Developments in Fiscal Policy
In general, the value of Indonesian foreign debt registers an increase in the third quarter 2012 compared with the second quarter. The ratio of foreign debt to GDP increases as a result of both an increase in the volume of debt and depreciation of Rupiah. The total value of Indonesian foreign debt in the third quarter 2012, was USD 243.910 billion, consisting of USD 115.03 billion (government debt) and USD 123.27 billion (private sector debt).
The value of foreign debt for the private sector increased by USD 2,520 million in the third quarter 2012 compared with the same period in the previous year. Meanwhile, the value of foreign debt in the third quarter 2012 registered an increase of USD 2,075 million in the third quarter from USD 112,962million for the same period in 2011.
In light of that, the ratio of total foreign debt to increased from 17% in the second quarter 2012 to 25.7% in the third quarter 2012. That said, it is worth noting that the ratio of government foregn debt to GDP was 12.12 % in October 2012.
The ratio of government debt to GDP shows a downward trend. By October 2012, the level of Government debt was IDR 1,844 trillion or 21.58% of GDP, represented a decrease of 2.7% from the debt ratio of 24.3% recorded in 2011. By the end of 2012, though the level of government debt is expected to continue to rise, the fact that GDP will rise at an ever faster rate, means that the downward trend of ratio of government debt will continue.
The value of government securities (SBN) in November 2012 was IDR 1,375,326 billion, which was higher than the level of outstanding government secutities of IDR 1,314,131 billion in June 2012. Fixed rate bonds contributed the largest percentage, with IDR 624,879 billion. Treasury securities showed a downward trend in October 2012, with a decrease of IDR 25,820 billion from IDR 8,280 billion registered at the start of the year 2012. Variable rate government bonds also showed a decrease. On the contrary, fixed coupon government bonds showed an upward trend. In October 2012, the value of fixed coupon bonds increased by IDR 26,977 billion from the previous month to reach IDR 619,887 billion, which is an increase of IDR 94,926 billion from the value registered at the start of the year 2012. Shariah bonds as well as foreign currency denominated bonds also registered an increase.

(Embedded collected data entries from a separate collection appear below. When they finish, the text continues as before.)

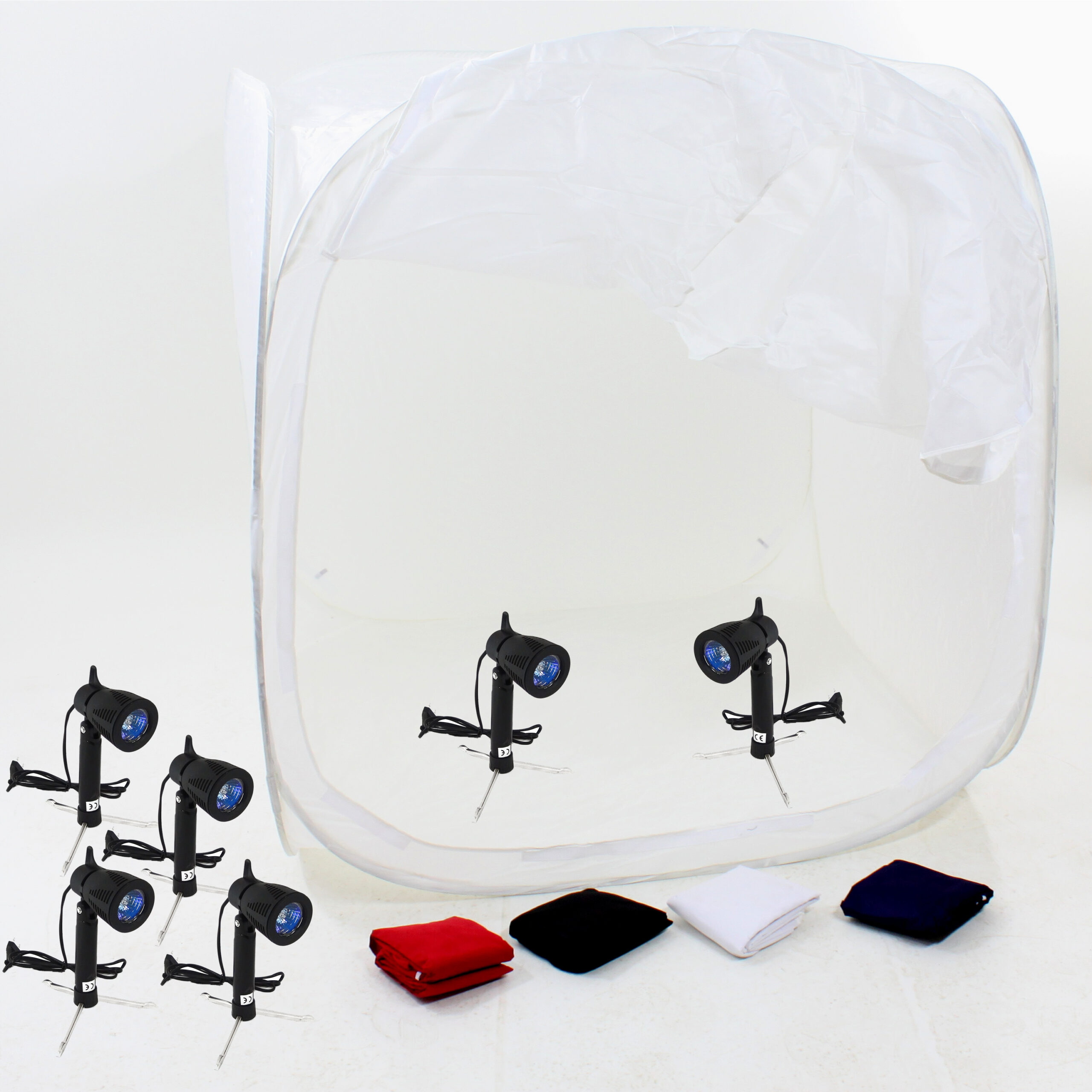 DynaSun PRO PB1 XXL 150x150x150cm Faltbares Lichtwürfel Lichtzelt Cubelight Fotostudio Fotozelt mit 6 Fotolampe, Tisch Stativ und 4 Hintergrund
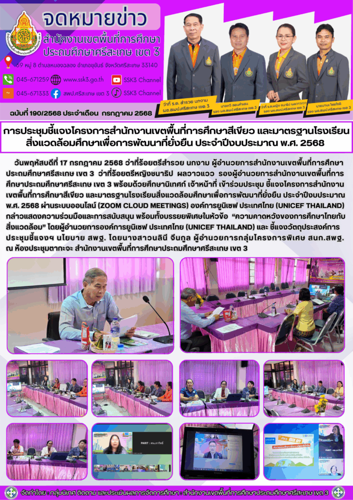 การประชุมชี้แจงโครงการสำนักงานเขตพื้นที่การศึกษาสีเขียว และมาตรฐานโรงเรียนสิ่งแวดล้อมศึกษาเพื่อการพัฒนาที่ยั่งยืน ประจำปีงบประมาณ พ.ศ. 2568 กรกฎาคม 18, 2025 Last updated : กรกฎาคม 18, 2025 Phakjerawan wayophat
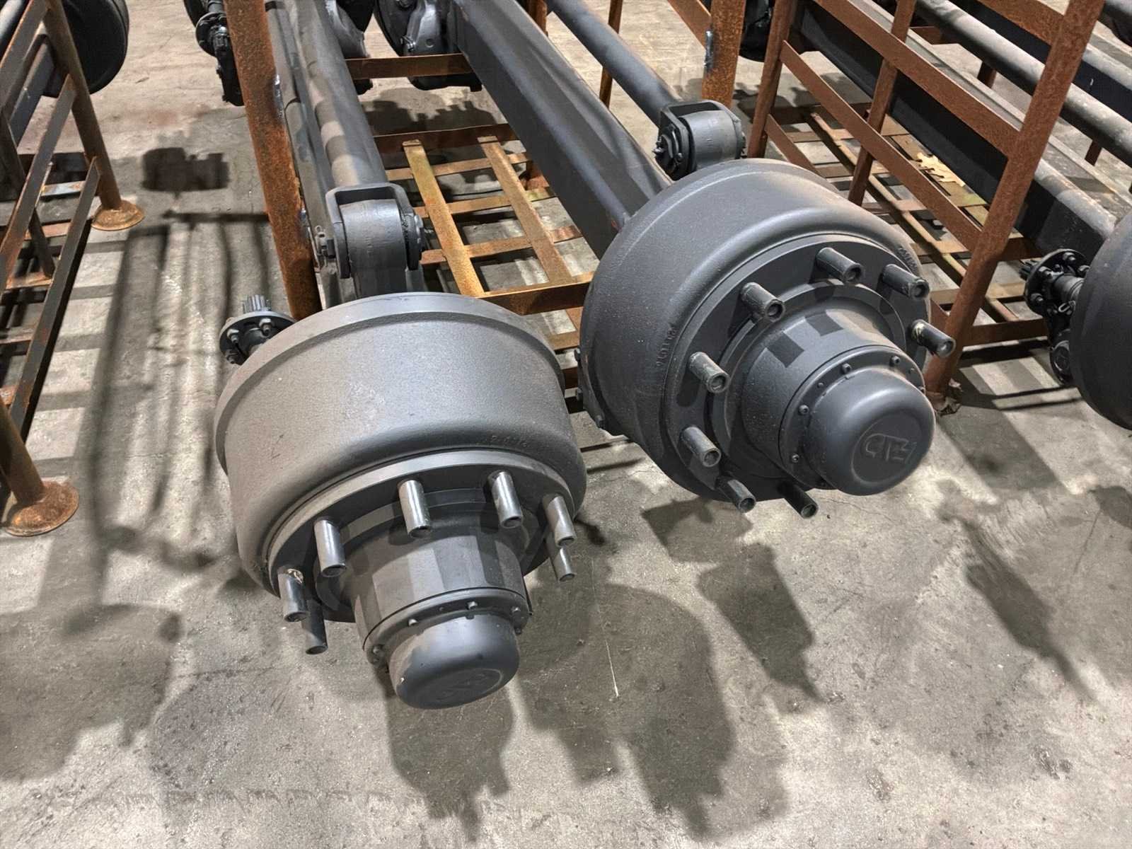 Totale breedte 1 as 2350 mm, 1 set van 2, remtrommel breedte 220 mm, 10 bouts/steek circa 320 mm, afstand tussen de fusees 1250 mm, Merk: FAD

The total value of portfolio securities, which consist of government bonds, equity, and bank Indonesia certificates, shows an upward trend. In October 2012, the total value of securities in hands of foregn entities was IDR 1,721.37 trillion, which was an increase of IDR 48.98 trilion from the previous month, but at an increase of IDR 172.16 trilion from the start of 2012. The value also represented an increase of IDR 227.188 trillion from October 2011. The value of foreign ownership of equity stood at IDR 1,470.3 trillion, which was an increase of IDR 41.172 trillion from IDR 1,429.158 trilion posted in the previous month, and an increase of IDR 226.838 trillion from IDR 1,243.492 trilion posted in October 2011. Meanwhile, lately foreign ownership of government bonds though registered a decrease recently, in general shows an upward trend. The value of foreign ownership of government bonds was IDR 250.33 trillion in October 2012, which was an increase of IDR 9.3 trilion from the IDR 14.36 trilion posted at the start of the year 2012, and an increase of IDR 30.55 trilion from October 2011. In the meantime, there is a decrease in foreign ownership of Bank Indonesia certificates (SBI). In October 2012, the value of foreign ownership of SBI was IDR 710 billion, which represented a decrease from IDR 1.540 trillion registered in the previous month , and a decrease of IDR 6.930 trilion posted at the start of the year 2012, and a decrease of IDR 30.2 trilion from the valued posted in October 2011. The main cause of the decrease was the implementation of the six months holding period, which is the minimum period allowed for holders of SBI prior to making transactions with other parties. The regulation, which came in effect on 13 May 2011, initially set the minimum holding period to one month (28 calendar days) but later prolonged to 6 months (182 calendar days).